───── Provided material ─────

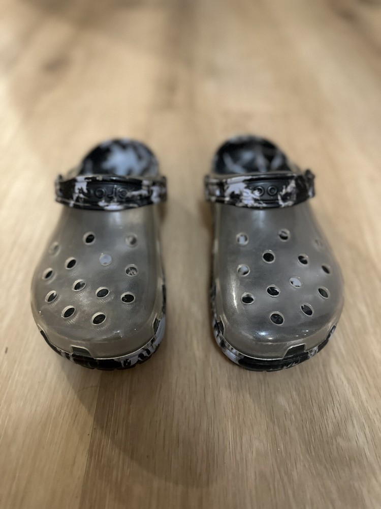 This pair of Crocs shoes is perfect for those who love the outdoors and want a comfortable, classic look. The slip-on clog style has a round toe and a flat heel, making it ideal for walking and school activities. The Mossy Oak camouflage pattern and the logo accents give it a stylish touch. The shoes are made of a blended fabric with rubber upper, insole, and outsole material, ensuring durability and comfort. It is available in a size 7 for women and 9 for men, and the shoe shaft style is low-top. The shoe is perfect for travel, activewear, and casual occasions, and it is suitable for all seasons.
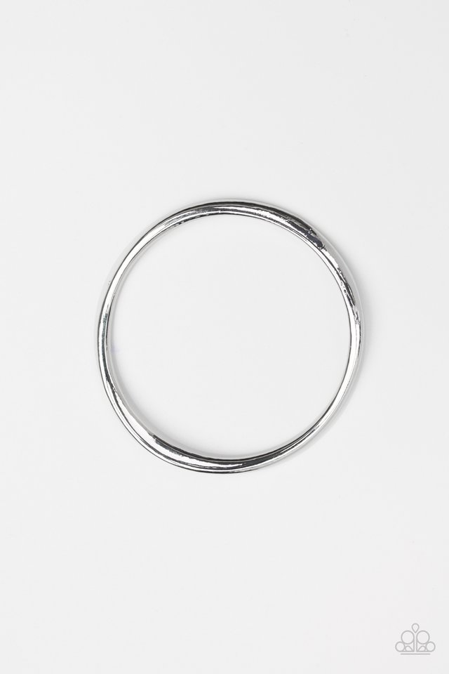 Featuring a warped surface, an asymmetrical shiny silver bangle slides along the wrist for an edgy look. Sold as one individual bracelet.
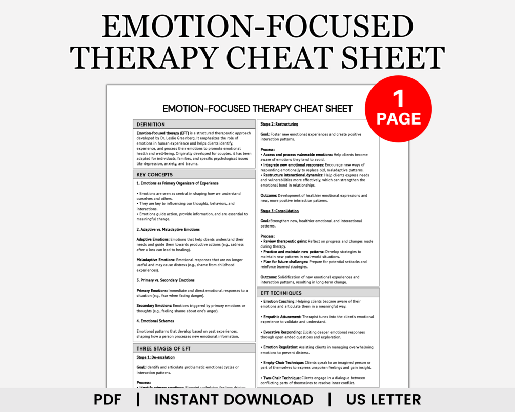 Emotion Focused Individual Therapy EFIT for Therapist EFT Cheat Sheets

─────

Task directions: Provide a precise transcription of the listing, excluding each picture.

Final answer:
 This pair of Crocs shoes is perfect for those who love the outdoors and want a comfortable, classic look. The slip-on clog style has a round toe and a flat heel, making it ideal for walking and school activities. The Mossy Oak camouflage pattern and the logo accents give it a stylish touch. The shoes are made of a blended fabric with rubber upper, insole, and outsole material, ensuring durability and comfort. It is available in a size 7 for women and 9 for men, and the shoe shaft style is low-top. The shoe is perfect for travel, activewear, and casual occasions, and it is suitable for all seasons.
 Featuring a warped surface, an asymmetrical shiny silver bangle slides along the wrist for an edgy look. Sold as one individual bracelet.
 Emotion Focused Individual Therapy EFIT for Therapist EFT Cheat Sheets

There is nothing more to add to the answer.